An attribute gage result can be used as a continuous response, but first I would recommend that you use more than 3 platters. The recommended number of parts is 10 and the minimal number of deviations or ranges is 15 (=number of operators * number of parts), see MSA 4 p.104. If you only compare the results of 3 platters (=3 parts) for 2 testers (=2 "operators"), you only have 6 different deviations instead of at least 15. Chances are high that you won't get a good evaluation of your measurement system, because you miss some vital causes for variation or a relevant part of your process spread.
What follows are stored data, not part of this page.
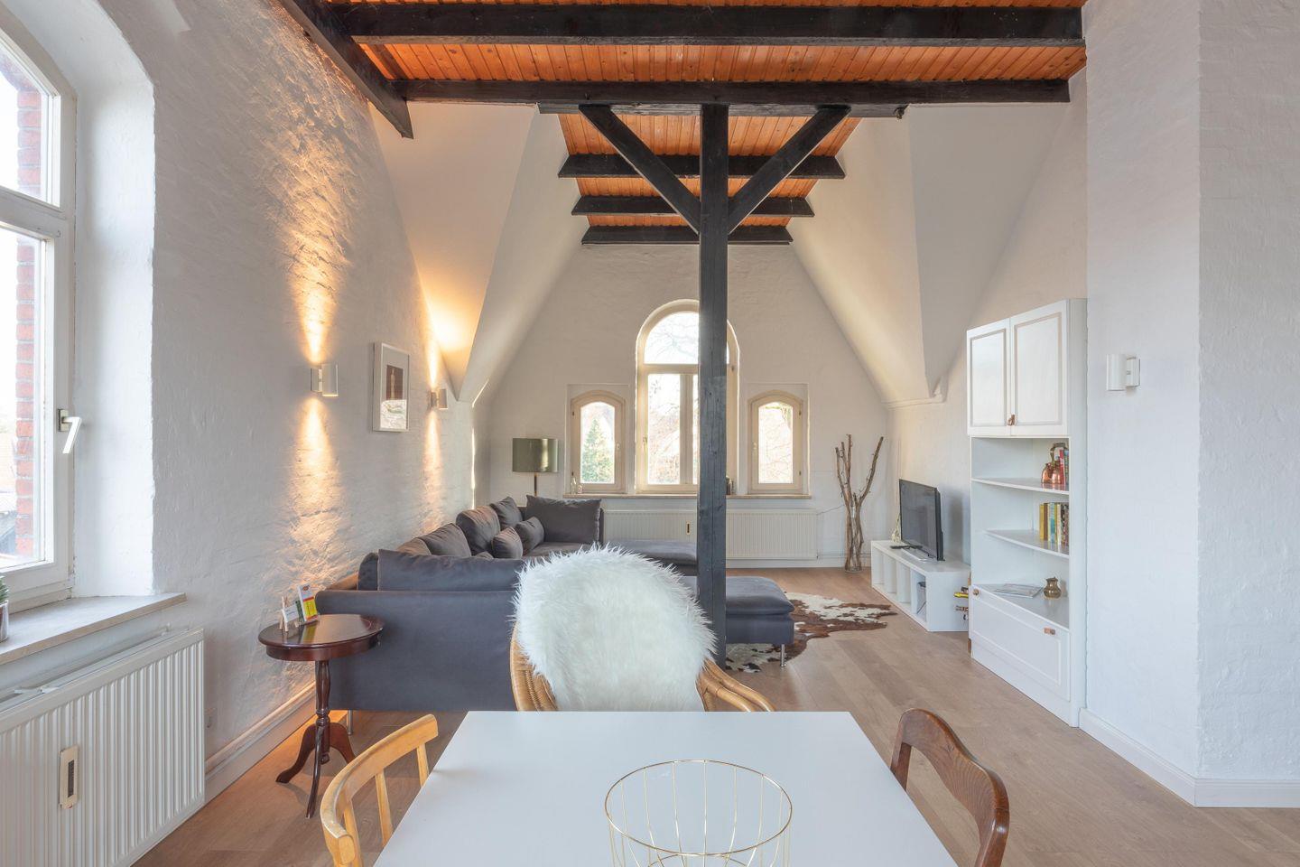 Über den Dächern von der Hafenstadt Tönning: Freuen Sie sich auf eine chice Altbauwohnung mit hohen Decken in einem imposanten Gebäude für bis zu 4 Personen.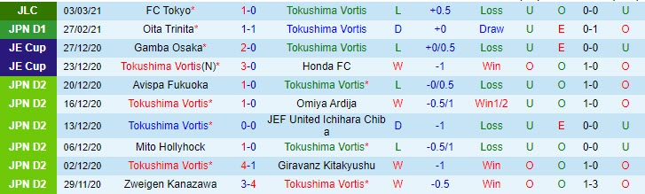 + Thống kê 10 trận gần nhất của Tokushima Vortis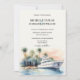 Elegante moderne Kreuzfahrtschiff oder Yacht Hochzeit in Urlaubsort Palm Trees Beach Einladung, farbenfrohe Aquarellbilder / Gemälde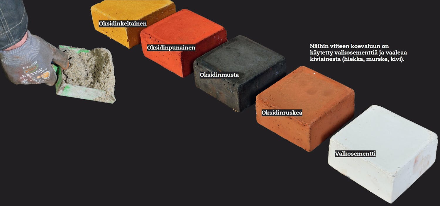 Punnitse väri jau heen määrä. Me pyrimme sekoituk seen, jossa värijau-hetta on 7 % sementin ja kiviaineksen painosta (ennen veden lisäämistä).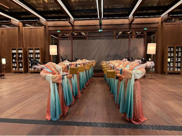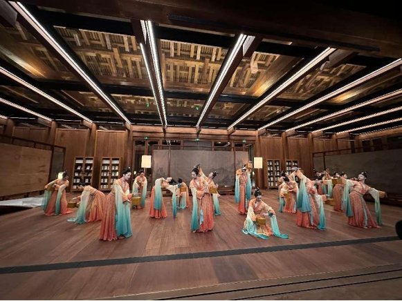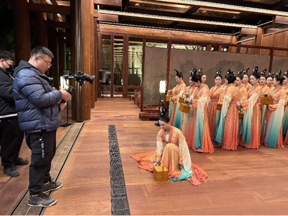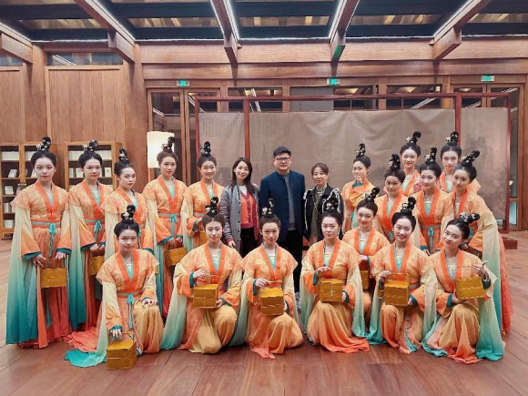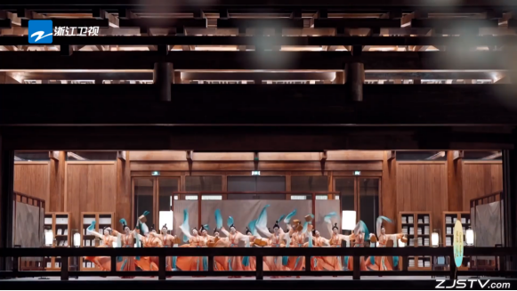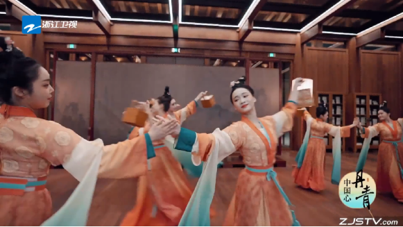 4月23日,音乐学院18名舞蹈编导专业学生参与浙江广电集团Z视介“中国心”系列之《丹青中国心》录制,倾情演绎了开场舞蹈《华灯夜宴》,将南宋经典画作《华灯侍宴图》通过舞蹈的形式生动展现在电视荧幕前。为满足艺术效果,同学们用了近一年的时间反复打磨作品,将艺术与理论、古风与新韵有机结合,运用现代审美的加工,深化宋韵文化的创造性转化、舞蹈意象的诗性表达,赋予了美术作品新的生命力,舞蹈嵌入中国建筑“沉浸式”的呈现样式,以古今对话的形式使观众身临其境地走进宋代,演绎出宋画独特的轻柔淡雅之风,无限高雅之美,展现了传统文化的新生力量。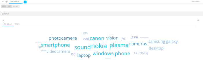 In case of a hierarchical tag a word cloud shows the most used tag values. Click a tag value in the word cloud to display the corresponding reports: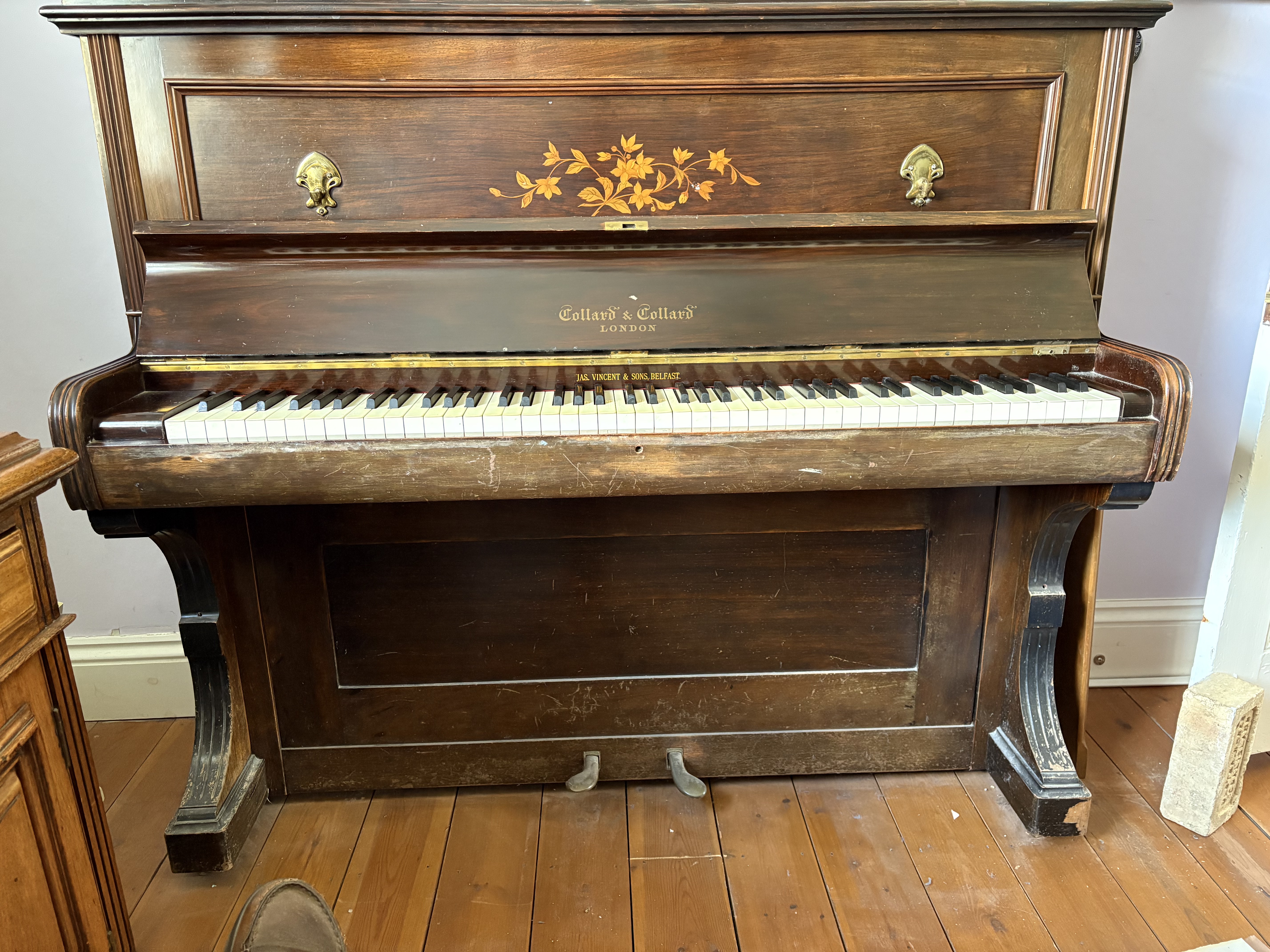 Wood inlay to front and candle holder brackets. Some wearing of varnish. Needs tuning.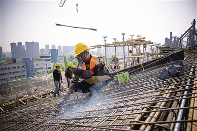 4月17日,中建三局的建筑工人在杭钢工业旧址综保项目一期工程现场施工。2015年,杭钢半山钢铁基地安全平稳关停。2022年11月,杭钢工业旧址综保项目一期工程开工,对杭钢半山钢铁基地进行保护与改造。项目集工业旧址观光、文创产业园与商业中心等功能于一体,预计于2023年12月竣工。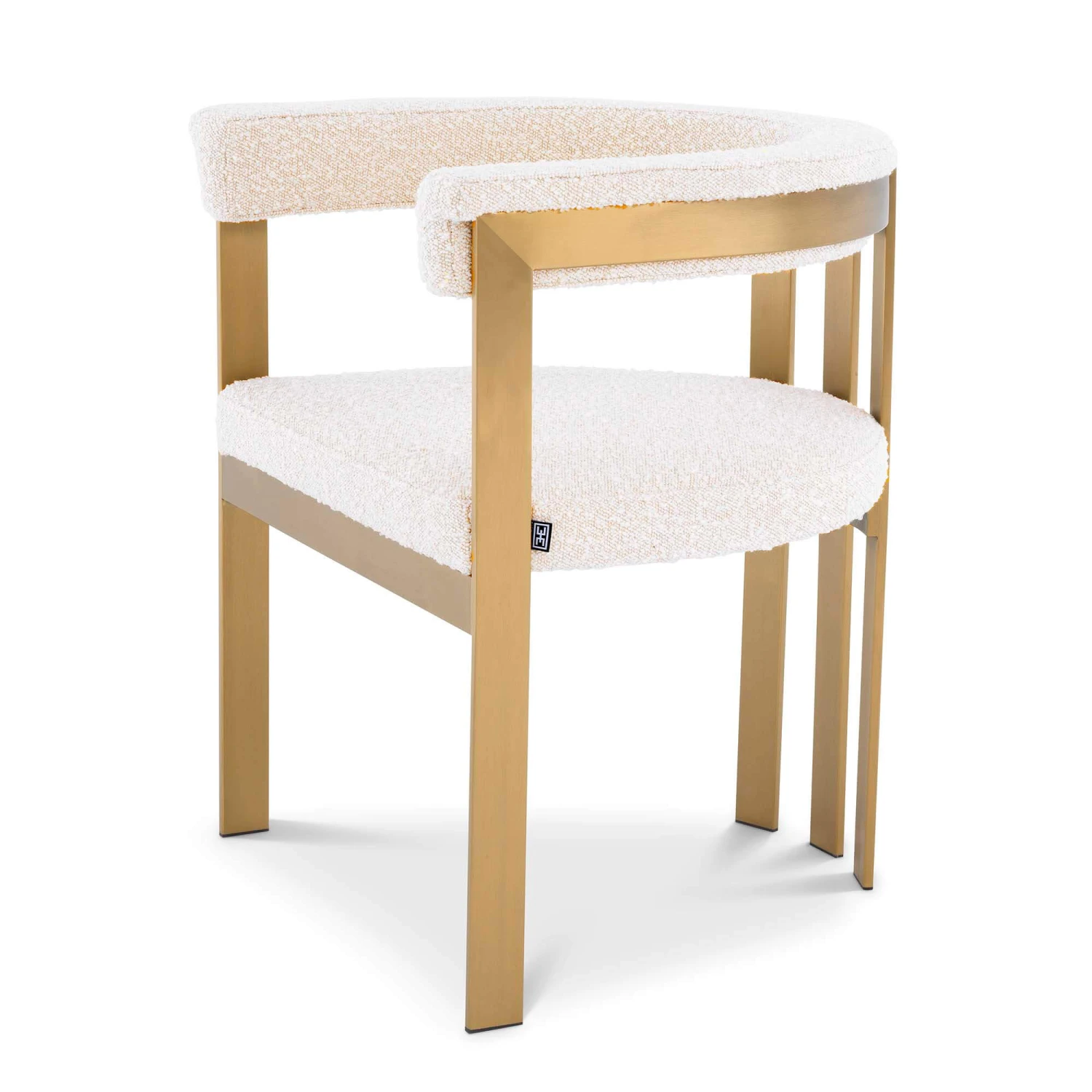 Add a hint of vintage style to you home with the Clubhouse dining chair offering a retro design featuring a geometric brushed brass frame with a circular seat and curved back backrest in a luxurious cream boucle fabric to compliment any existing home décor.

Back to your original question: The common statistical approach for go/no-go or pass/fail results is to analyze the probability of failure instead of the proportion itself (binary logistic model). Therefore the proportions have to be transformed before the MSA/variance component calculations can be made. There are two common transformation functions for proportions p_i (e.g. p_i = proportion of tester A, platter 2, run 1):
- y_i* = ln( p_i / 1-p_i ) with ln being the natural logarithm (logit transformation)
- y_i* = arc sine ( sqrt ( p_i ) )
But if this model / approach reflects the structure within your data well should be checked (e.g. using residual analysis, goodness of fit like R², R²(adj), and so on) additionally to the usual variance component analysis which will provide percentages for measurment uncertainty (EV%, AV%, GRR%, etc.)